Biopsy in a 15-year-old boy with large liver mass (same boy depicted in Online Supplementary Material 1). a Axial fat-saturated T2-weighted MRI shows a large heterogeneous mass occupying part of the right hepatic lobe (arrowheads). b Axial color Doppler US shows the mass as diffusely hyperechoic with no appreciable internal flow signals. Doppler flow is noted within the adjacent normal liver parenchyma. Discrimination between viable soft tissue and areas of necrosis is limited based on the gray-scale and Doppler US findings. c Contrast-enhanced ultrasound (CEUS) with intravenous contrast agent and simultaneous display of gray-scale (left) and contrast (right) modes in the axial plane. CEUS examination was performed immediately prior to firing the biopsy needle. A large non-enhancing area is seen centrally within the mass, in keeping with tumor necrosis; however, CEUS clearly identifies nodular enhancing tissue in the periphery of the mass (arrowheads) that corresponds to viable tissue. Of note, a track (asterisk) is seen within the non-enhancing component of the tumor from a non-diagnostic biopsy performed 2 days prior without CEUS guidance. In this case, CEUS was crucial for accurate planning of the biopsy trajectory, and sufficient viable tissue was obtained for the diagnosis of undifferentiated embryonal sarcoma
Studies have shown CEUS is beneficial for biopsy of liver, pancreatic, renal, soft-tissue and peripheral lung lesions [5, 6, 26, 27]. Specifically, the use of real-time CEUS for guiding liver lesion biopsy increased diagnostic accuracy in small lesions (≤2 cm) and increased the diagnostic yield 10–15% by decreasing the false-negative rate [3, 28].
Genitourinary system
Percutaneous nephrostomy placement is also a common procedure in adult and pediatric IR and can be performed in both dilated and non-dilated systems. The main indications for nephrostomy tube insertion are to relieve urinary tract obstruction, to provide urinary tract diversion (e.g., following ureteral injury or hemorrhagic cystitis), and to gain access to the urinary tract for subsequent intervention (e.g., stone removal, dilation/stenting of a ureteral stricture) [29,30,31]. Elements of this procedure are, by convention, performed with fluoroscopic guidance; however, some of these can be modified by CEUS, thereby decreasing ionizing radiation exposure [32].
For example, CEUS can be used to aid in accessing the collecting system. For dilated systems, a small amount of diluted UCA is placed within the access needle, and once it enters the collecting system, the contained UCA can be seen refluxing out of the needle because of the increased back pressure of urine within the obstructed system, indicating successful access. As the UCA is gently instilled into the renal pelvis, it should flow away from the needle tip. Conversely, amorphous pooling of contrast agent outside the collecting system margins can indicate misplacement [12].

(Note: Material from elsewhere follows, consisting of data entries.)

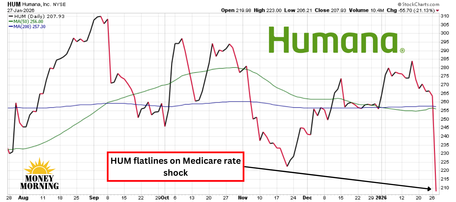 Humana (HUM) investors may have suffered cardiac arrest yesterday after shares of the health insurer cratered 21% to close below $208 – the lowest level since early 2017. This brutal selloff erased billions in market value and helped drag down the entire managed care sector, with rivals like UnitedHealth (UNH) tumbling 19% and CVS Health (CVS) dropping 13%.
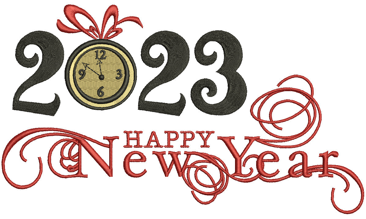 2023 Happy New Year Clock Strikes Twelve Filled Machine Embroidery Design Digitized Pattern
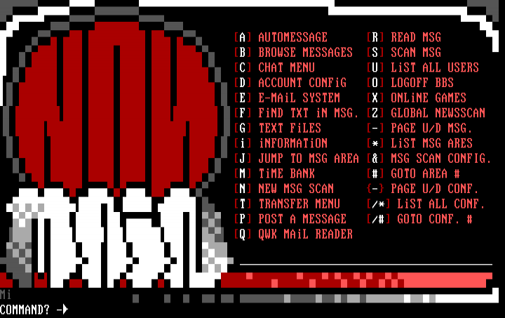 A AUTOMESSAGE R READ MSG B BROWSE MESSAGES S SCAN MSG C CHAT MENU U LiST ALL USERS
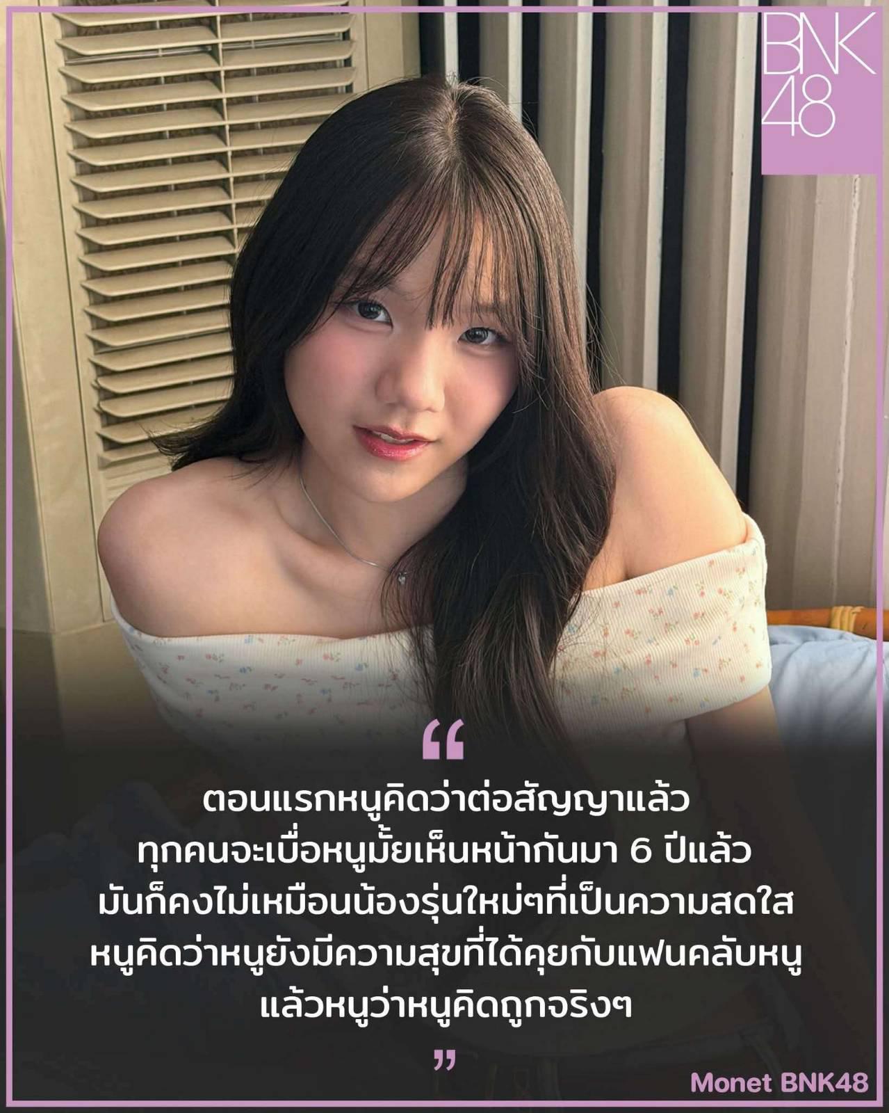 โมเน่ต์ : ตอนแรกหนูคิดว่าต่อสัญญาแล้ว ทุกคนจะเบื่อหนูมั้ย เห็นหน้ากันมา 6 ปีแล้ว มันก็คงไม่เหมือนน้องรุ่นใหม่ๆ ที่เป็นความสดใส หนูคิดว่าหนูยังมีความสุขที่ได้คุยกับแฟนคลับหนู แล้วหนูว่าหนูคิดถูกจริงๆ
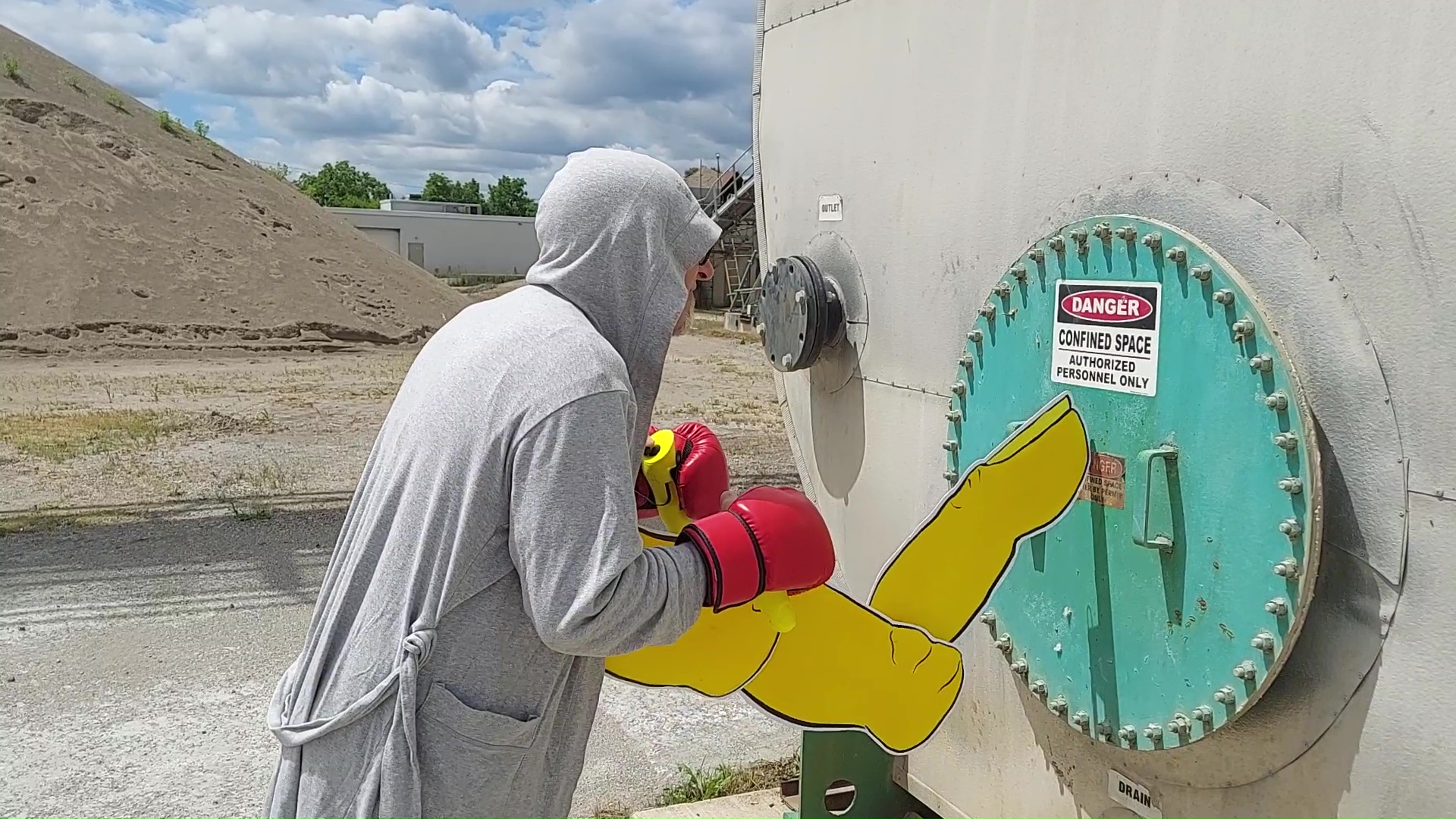 In character, I navigate high-friction public spaces while struggling to control a massive robotic appendage. My hands are stuffed inside boxing gloves that I tore the thumbs off, stripping away fine motor skills. I steer the arm with my thumbs on analog joysticks mounted in little scale-model fingers gripped inside each glove.
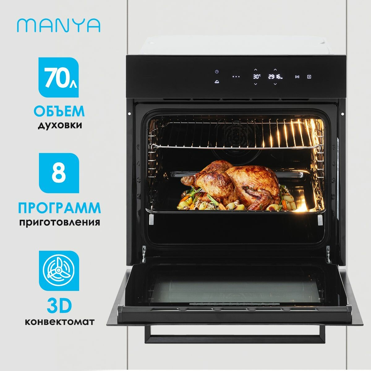Духовой шкаф электрический встраиваемый MANYA BO639BG черный, объем 70 л, 8 программ, сенсорное управление, конвекция гриль, каталитическая очистка, 3 стекла: сравнение цен, характеристики, фото, актуальное наличие и цены.
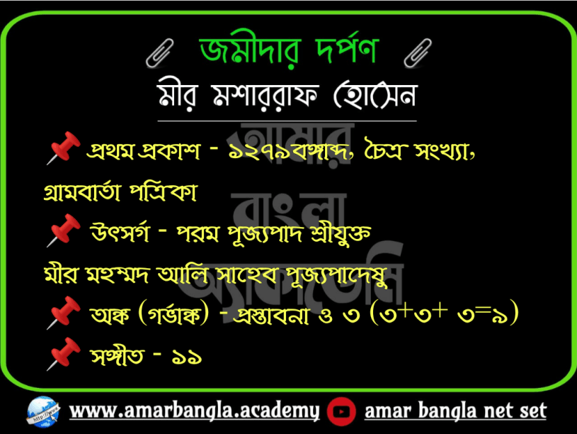 ● ‘জমীদার দর্পণ’ নাটকের অঙ্ক সংখ‍্যা – ৩।
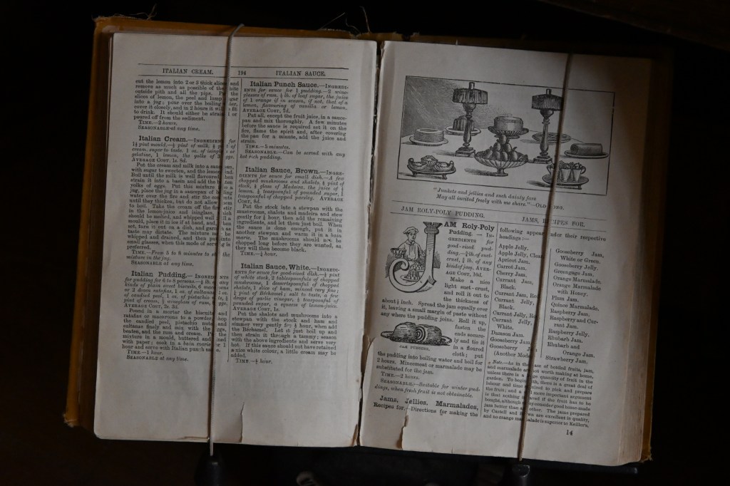 An ancient recipe for jam rolypoly – published by a Mrs. Isabella Beeton in 1861.
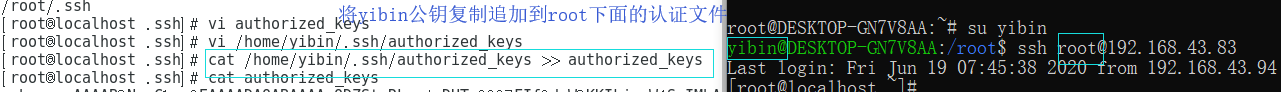 2、接下来我就想在客户机用 root 用户免密登录目标服务器的非 root 用户,比如 yibin 用户,聪明的你肯定想到了,没错就是将客户机 root 用户的公钥放置到目标服务器的 yibin 用户家目录下 .ssh 目录下,改名为 authorized_keys,完整路径为 /home/yibin/.ssh/authorized_keys,注意 .ssh 文件夹权限需设置为 700,aurhoriized_keys 文件权限为 600 或 644。
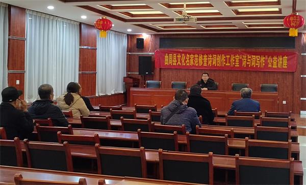 中华时报/中华新闻通讯社河北讯(记者 张彪) 为弘扬传承中华优秀诗词文化,2023年12月16月,河北省曲周县文化名家范修奎诗词创作工作室在县文艺家之家会议室举办了“诗与词写作”公益讲座,县作家协会代表、文学爱好者参加培训。
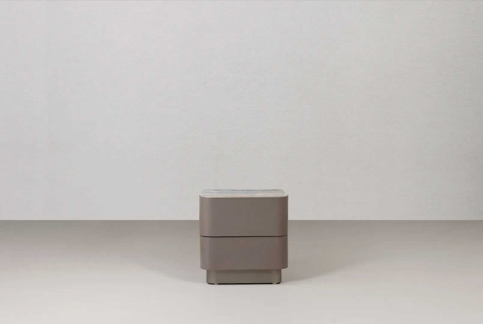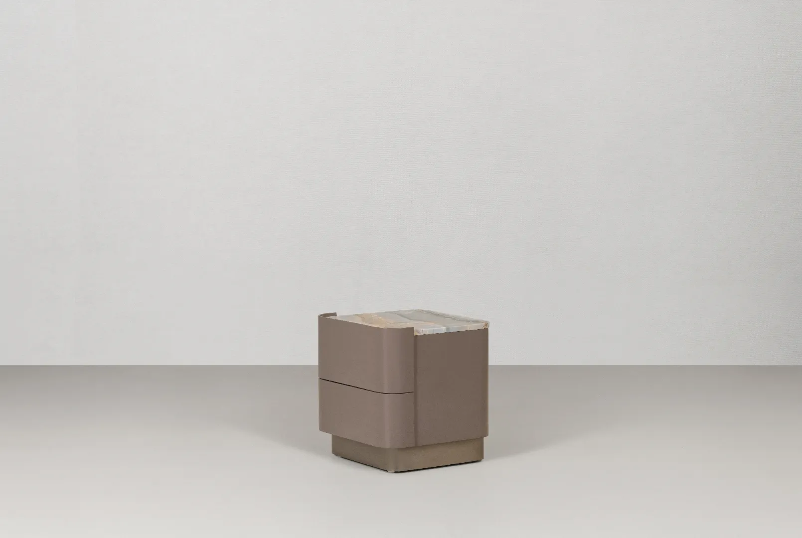 NST.01 redefines the bedside table as a small architectural piece. Smooth, continuous surfaces form a compact, harmonious volume, enhanced by a marble top that adds light and refined texture. Integrated drawers offer seamless, quiet functionality.
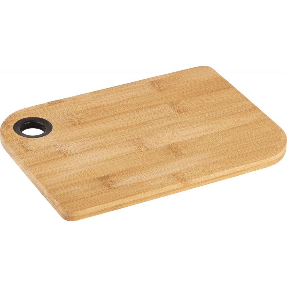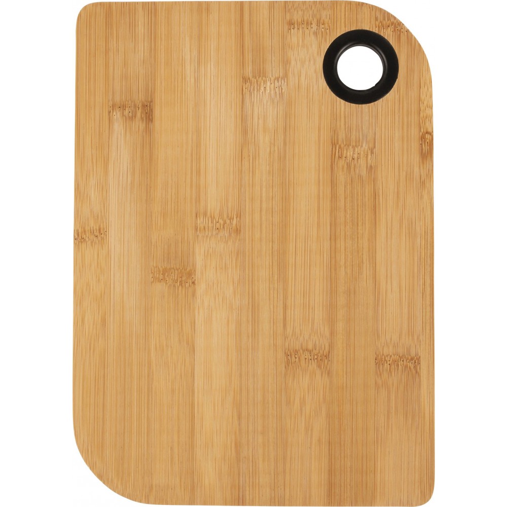 Bambusz vágódeszka szilikongyűrűvel ellátott fogóval. Bambusz, szilikon. Emblémázás: Gravírozás
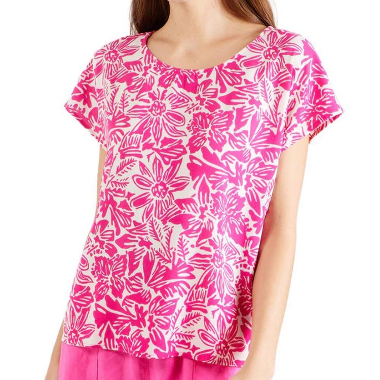 Optez pour la blouse femme de la marque Jacqueline de YongManches courtesCol rondMotif ImpriméColoris : Rose, BlancComposition : 97% polyester , 3% élasthanne
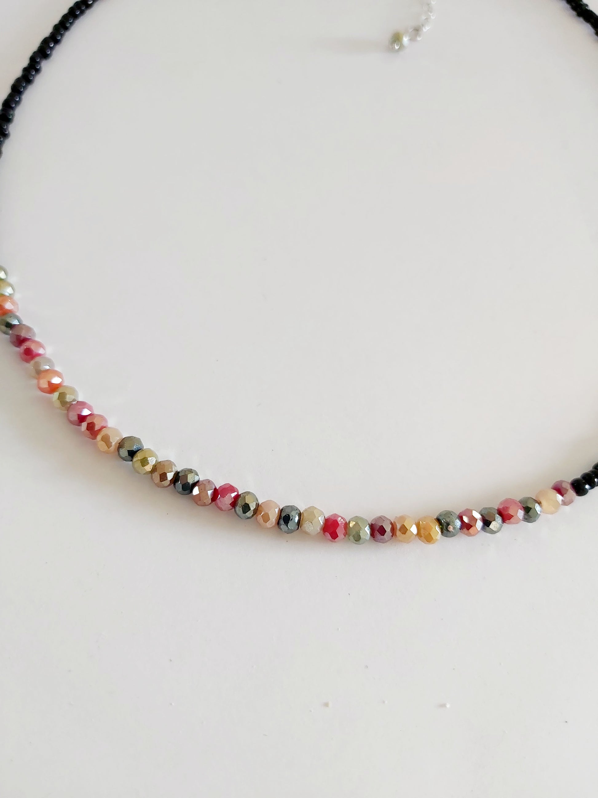 Each bead is carefully chosen and woven by hand: tiny 3 mm crystals in earthy browns, soft golds, vibrant reds, and deep greens. Together, they create a delicate play of light that moves with you — subtle, elegant, and alive.
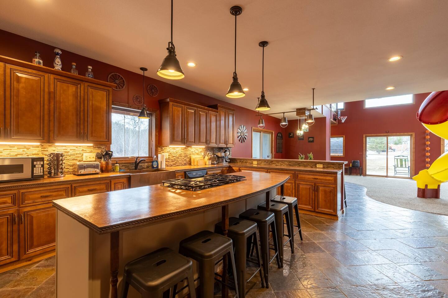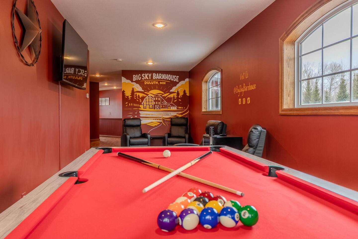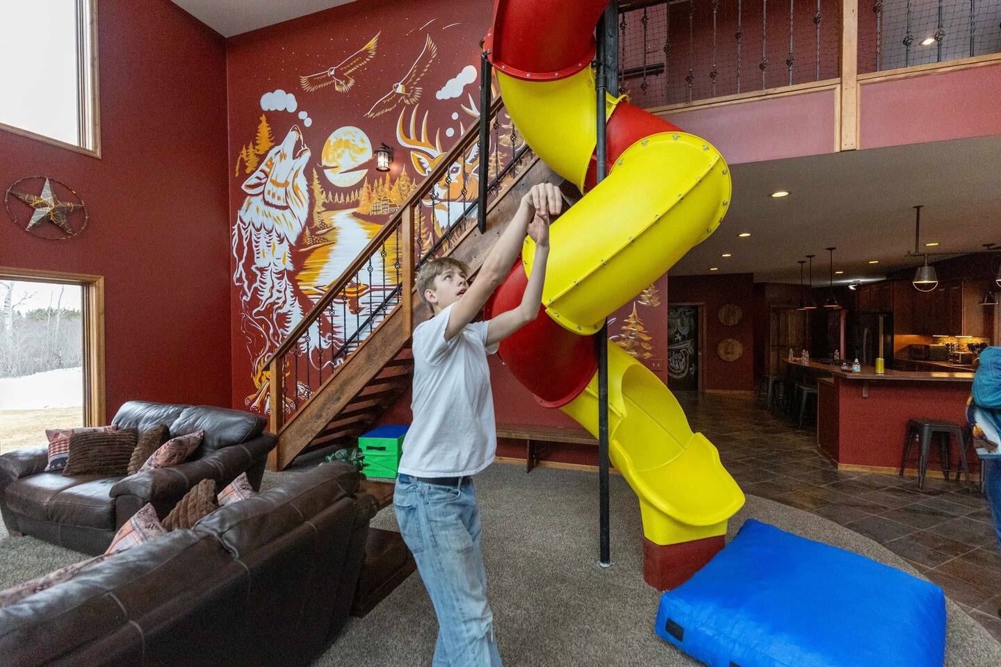 This iconic silo barn is one of the most epic large group getaways in Minnesota. Sleeps up to 30 guests with 7 bedrooms, 20 beds & 4 baths. Featuring your own bowling alley & sports bar, 3rd story adventure park, mini golf course & 30ft slide into the living room. Book a helicopter from the backyard helipad to experience Lake Superior by sky. Explore 10 private acres of trails by foot or ATV & visit the horse farm. Fitness center, sauna, hot tub, arcade, billiards lounge & mini basketball court!
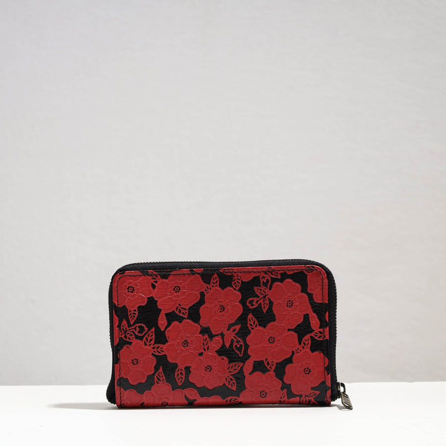 Fine quality embossed shanti leather red mobile case with card holder handcrafted by the master artisans of West Bengal. This premium accessory features a dedicated mobile slot and four card slots, combining style with practicality. Elevate your daily essentials with this fine-quality piece, offering both protection and convenience for your mobile device and cards. Embossed leather products are made using vegetable tanned leather. Every piece is embossed using a metal die, after which it is individually painted by hand using spirit colours. Each product is then constructed by hand. With time it becomes softer and deeper in colour as is the natural characteristic of leather.
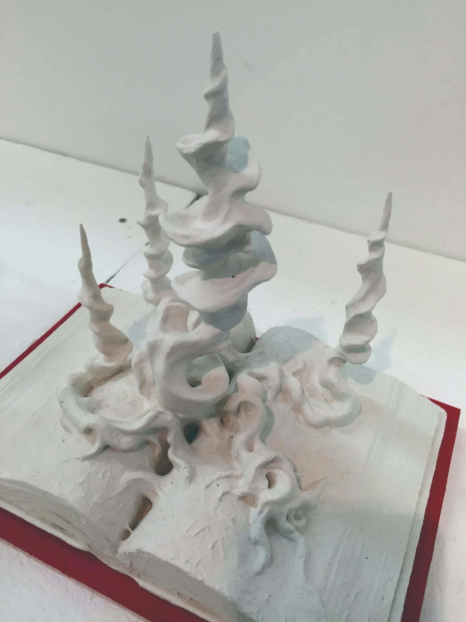 本の白いページから槍が渦巻いたようなものが突き出てます。作者の羅入氏は作品「般若の柱」の創作意図について

In certain circumstances, percutaneous nephrostomy is required in non-dilated or minimally dilated collecting systems to create an access route (e.g., for subsequent stone removal) [32]. This procedure can be technically challenging because the calyces might be inconspicuous from the adjacent renal parenchyma. Because microbubbles administered intravenously are not excreted into the collecting system, IV CEUS can be used to differentiate the enhancing renal parenchyma from the non-enhancing collecting system and help direct correct placement of the nephrostomy tube [9, 32].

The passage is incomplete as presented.